Excerpt: Raising Boys Without Men

In "Raising Boys Without Men," research psychologist Dr. Peggy Drexler says that boys raised in households headed by just mothers can grow up emotionally stronger, more empathetic and independent than boys raised in traditional two-parent households.

Drexler's book is based on a research study she started in 1996, in which she tracked families headed by a mother and father, families headed by two mothers and single-mother families. She says that her research shows parenting is not anchored to gender; instead, it is either good or deficient.

You can read an excerpt from "Raising Boys Without Men: How Maverick Moms Are Creating the Next Generation of Exceptional Men," by Peggy Drexler and Linden Gross below.

Chapter One: The Bad Rap Against Mothers

"I hope you have a father for that baby!" -- Male bus driver to a well-dressed, single-by-choice, professional mother in San Francisco struggling with moderate success to get her wailing 4-year-old son, his rather large truck, and her briefcase onto the bus after picking him up from a playdate

"Hi, my name is Peggy, and I'm a mother." I'm also a worrier. I always thought that was a Jewish thing, but then Catholic friends, Episcopalian friends, and Muslim friends, black, white, Asian, gay, straight -- you name it -- friends all swore it was their thing. Now I believe that with mothering, worry is an equal-opportunity opportunity. It comes with the job and is fanned by expert advice on child rearing that implies that a boy's healthy development is thoroughly dependent on his mother's parenting.

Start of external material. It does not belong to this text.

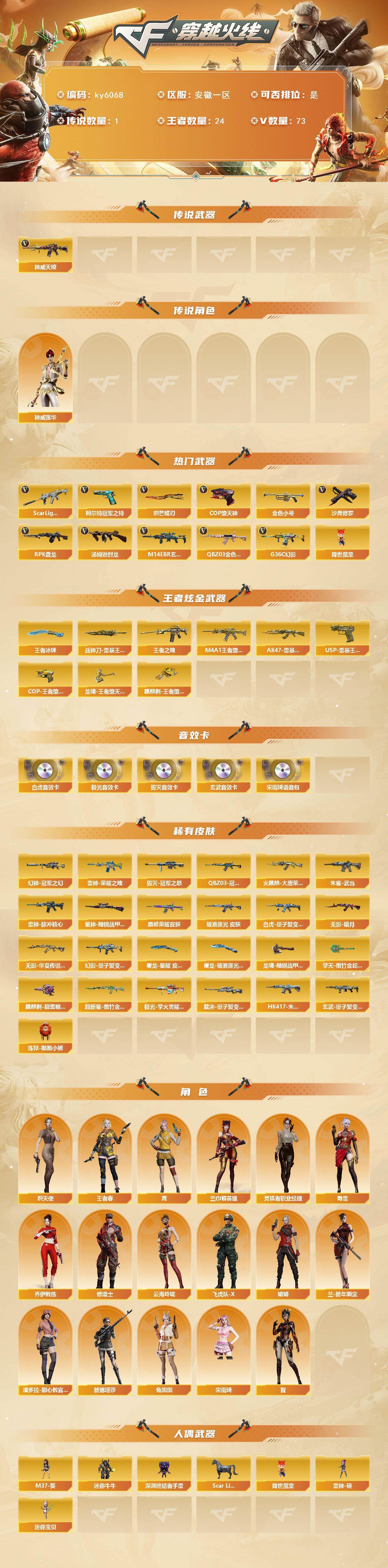 [17190325]安徽一区-79V-24王者武器数-0炫金武器数 【传说武器】:神威天绫 【传说角色】:神威莲华 【热门武器】:G36C-幻影,QBZ03-金色蔷薇,M14EBR-玄武,Scar Light-白虎,柯尔特-冠军之特,金色小号,汤姆逊-烈龙*6,RPK-盘龙*4,降世魔童,COP-堕天神,沙鹰-修罗,炽芒蝶刃*3 【王者炫金武器】:王者之魄,AK47-雷暴王者,M4A1-王者堕天神,USP-雷暴王者,COP-王者堕天神*2,斩神刀-雷暴王者,龙啸-王者堕天神,麒麟刺-王者堕天神,王者冰锋 【音效卡】:Barrett-毁灭音效卡,Barrett-极光音效卡,Scar Light-白虎音效卡,宋雨琦语音包,M14EBR-玄武音效卡 【皮肤】:幻神-冠军之幻,白虎-量子聚变 皮肤,QBZ03-冠军之薇,QBZ03-巅峰荣耀皮肤,金色蔷薇-破浪逐光 皮肤,裁决-量子聚变 皮肤,星神-黯钢战甲 皮肤,雷神-荣耀之魄,雷神-脉冲核心,火麒麟-大唐荣光,毁灭-冠军之怒,无影-暗月,无影-华夏传说 皮肤,超新星-傲竹金蛇 皮肤,HK417-朱雀-武当,HK417-朱雀-量子聚变 皮肤,幻影-量子聚变 皮肤,玄武-量子聚变 皮肤,极光-掌火灵耀 皮肤,炼狱-酷酷小狮,屠龙-星耀 皮肤,屠龙-破浪逐光 皮肤,龙啸-黯钢战甲 皮肤,擎天-傲竹金蛇 皮肤,麒麟刺-甜蜜糖果 皮肤 【角色】:鹰,兰-巾帼英雄,智,王者春,乔伊教练,修道士,云海玲珑,宋雨琦,炽天使,飞虎队-X,娟娟,兰-新年限定,灵狐者-职业经理,潘多拉-甜心教官,蜀雪,兔囡囡,新娜塔莎 【人偶武器】:迷你宝贝,Scar Light-马枪,M37-葵,迷你牛牛,深渊终结者手雷,雷神-研,降世魔童 【挑战大师】:AK47-冰龙粉碎者 【英雄级武器】:AK47-火麒麟,AK47-无影,AN94-超新星,Scar Light-白虎,M14EBR-玄武,QBZ03-天罚,M4A1-神工天巧,G36C-幻影,M4A1-玫瑰精灵,QBZ03-金色蔷薇,M4A1-猎神,9A91-烈火,加利尔ACE-天袭,Barrett-毁灭,Barrett-极光,AWM-裁决,Barrett-金色蔷薇,Kar98K-量子之心,RPK-盘龙*4,汤姆逊-烈龙*6,沙鹰-修罗,COP-堕天神,柯尔特-冠军之特,USP-神工天巧,Anaconda-量子之心,屠龙,

Like most new mothers, when my son was born, I relied on numerous child-rearing books, including one by T. Berry Brazelton, M.D., that identified three different types of babies and their time lines. My son did not fit neatly into any of Dr. Brazelton's categories, and that drove me nuts. I obviously wasn't measuring up as a mother. So I kept reading more books by child experts, trying to follow their unending advice. And still my son never seemed to fit the mold. When he did meet the mark, I didn't bother to underline those more positive passages. Like most of us, I didn't dwell on the things that were going well. Whatever wasn't quite right stood out like a headline. And the biggest headline of them all read: YOUR SON STILL DOESN'T SPEAK.

That 13-month-old Alex wasn't walking yet also concerned me, even though 14 months (which is when he did start to walk) is average. But the fact that he still hadn't said his first word nearly drove me to distraction. I would listen and try to figure out if he was saying something, because he did make a lot of incoherent noises. Every time he opened his mouth, I'd think, "Is it this word? Is it that word?"

We lived in the pressure-cooker environment of Manhattan, where all the mothers I knew were highly educated, high-powered women like me, and just as concerned, eager, competitive, frightened, and anxious. That held true for the two other women in my mommy-baby group, both of whom had girls. Since girls tend to be developmentally quicker than boys, I had to contend with that as well.

"I have some concerns about Alex because he's not talking. And, like your daughter, he is not walking yet," I confided to one of them on our way to a Tumbling Tots class shortly before Alex started motoring around our apartment as if he'd been walking his whole life.